Supplied entries
————

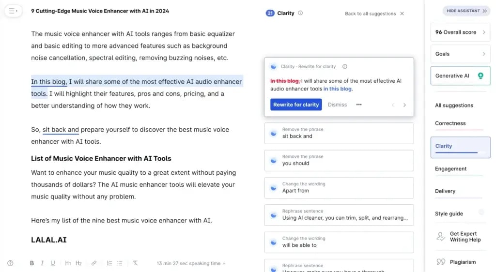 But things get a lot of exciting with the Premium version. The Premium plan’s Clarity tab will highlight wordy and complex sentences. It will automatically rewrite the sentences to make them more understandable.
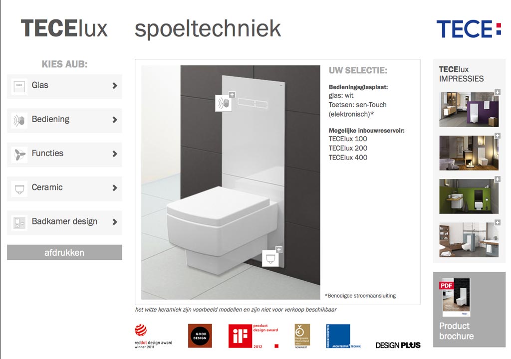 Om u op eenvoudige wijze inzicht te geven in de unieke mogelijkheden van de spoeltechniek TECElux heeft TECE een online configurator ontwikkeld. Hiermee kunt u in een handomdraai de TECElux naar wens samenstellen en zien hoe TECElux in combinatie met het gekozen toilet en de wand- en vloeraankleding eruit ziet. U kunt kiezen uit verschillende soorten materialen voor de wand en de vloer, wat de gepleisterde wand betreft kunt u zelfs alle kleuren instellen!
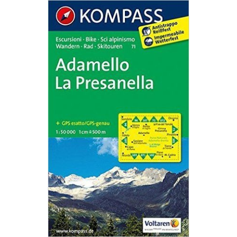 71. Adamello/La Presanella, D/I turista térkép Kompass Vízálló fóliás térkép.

————

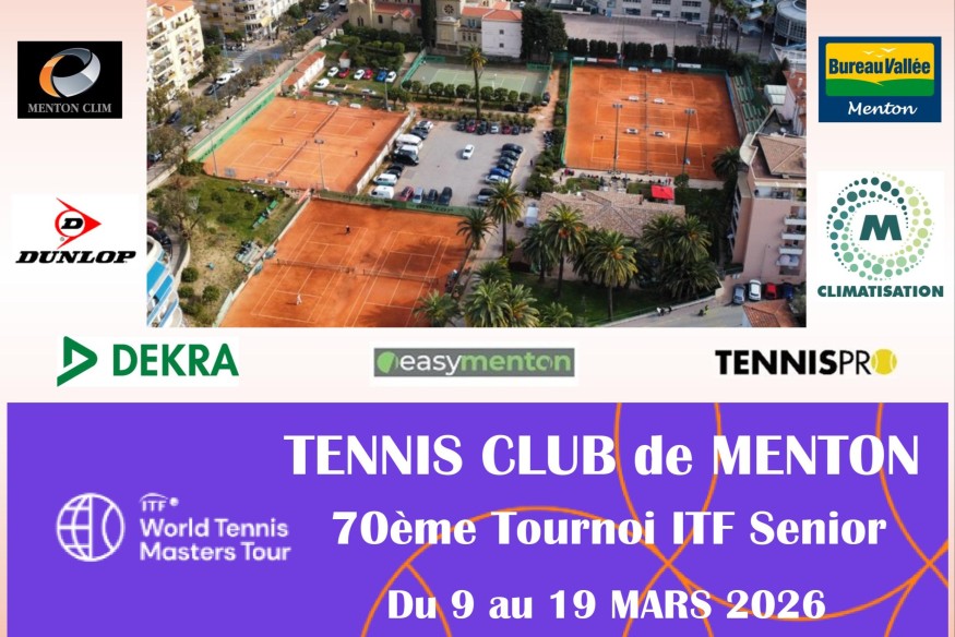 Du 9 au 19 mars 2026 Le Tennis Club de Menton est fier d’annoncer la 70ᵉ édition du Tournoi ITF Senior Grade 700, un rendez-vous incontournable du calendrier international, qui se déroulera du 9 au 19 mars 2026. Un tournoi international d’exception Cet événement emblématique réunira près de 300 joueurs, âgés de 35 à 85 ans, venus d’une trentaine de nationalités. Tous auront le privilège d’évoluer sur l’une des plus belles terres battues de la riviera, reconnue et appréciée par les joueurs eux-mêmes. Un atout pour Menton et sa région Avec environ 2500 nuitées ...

————

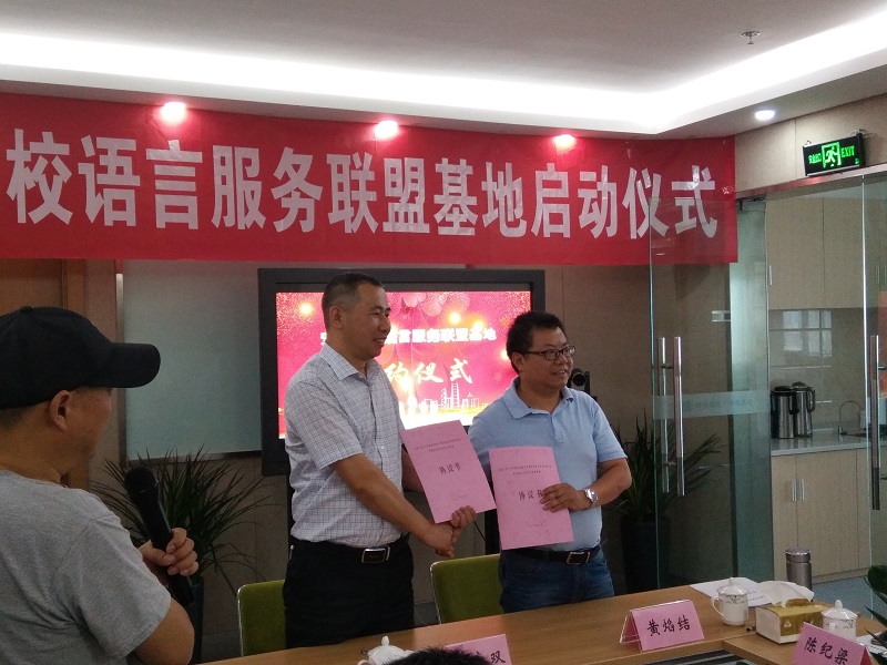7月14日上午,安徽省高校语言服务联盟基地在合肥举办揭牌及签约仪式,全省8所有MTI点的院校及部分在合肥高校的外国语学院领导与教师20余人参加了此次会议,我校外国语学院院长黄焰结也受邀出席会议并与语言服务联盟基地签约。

————

Work order
Only the lines of the listing above from the one with "But things get" through the one with "71. Adamello/La Presanella, D/I" should be output, exactly, with both ends kept and pictures left out.

Reply
 But things get a lot of exciting with the Premium version. The Premium plan’s Clarity tab will highlight wordy and complex sentences. It will automatically rewrite the sentences to make them more understandable.
 Om u op eenvoudige wijze inzicht te geven in de unieke mogelijkheden van de spoeltechniek TECElux heeft TECE een online configurator ontwikkeld. Hiermee kunt u in een handomdraai de TECElux naar wens samenstellen en zien hoe TECElux in combinatie met het gekozen toilet en de wand- en vloeraankleding eruit ziet. U kunt kiezen uit verschillende soorten materialen voor de wand en de vloer, wat de gepleisterde wand betreft kunt u zelfs alle kleuren instellen!
 71. Adamello/La Presanella, D/I turista térkép Kompass Vízálló fóliás térkép.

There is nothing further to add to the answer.